The deal was signed late Sunday with the Sudanese White Nile Petroleum company -- a consortium of Malaysian state oil firm Petronas, which owns 68 percent, India's state-run Oil and Natural Gas Corp, which has a 24 percent stake and Sudan's state oil company Sudapet with 7 percent.
The remaining one percent is divided between the three companies, an oil ministry official said.
It said the reserves of the Thar Jath oil fields, in Block 5a in the southern Unity state, were estimated at a minimum of 250 million barrels.

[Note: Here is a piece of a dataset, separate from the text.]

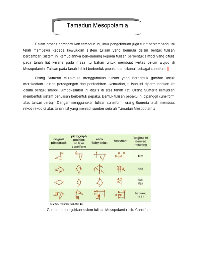 Tulisan dalam tamadun awal mempunyai pelbagai bentuk yang difahami oleh komuniti setempat contohnya di Sumeria Mesir dan China muncul tulisan piktograf yang mana gambar. Nyatakan konsep tamadun dan keutamaan Tamadun Mesopotamia ms 4-5. Juga dikenali sbg Tamadun Harappa.

White Nile Petroleum is expected to dig 45 wells in the coming year, it added.
Sudan's main oil fields are in the south, and disputes over oil fuelled a civil war there for more than two decades, claiming 2 million lives mostly from hunger and disease.
A peace deal signed in January ended Africa's longest civil war and has revived interest in Sudan's potential oil reserves.
The deal states both sides will respect any oil contract signed before the date of the peace deal -- January 9, 2005 -- and any deals after a new government of unity is formed will be decided by a joint petroleum commission from the national energy and mining ministry.
But an official from the former southern rebel group the Sudan People's Liberation Army (SPLA) has said it has signed a deal with a London-listed company called White Nile, giving it part of block B in SPLA-controlled areas.
The news caused consternation as French oil giant Total signed a deal with Sudan in 1980 for the whole of block B, and the deal was renewed in December.
Total and the government both say they are confident of the validity of the deal.
More senior SPLA officials have played down the report of the deal with British White Nile, which analysts say indicates divisions within the former rebels, who are due to join the government in the coming weeks after a two-month delay.
The British White Nile company is different from Sudanese White Nile Petroleum, the company awarded the $400 million contract on Sunday.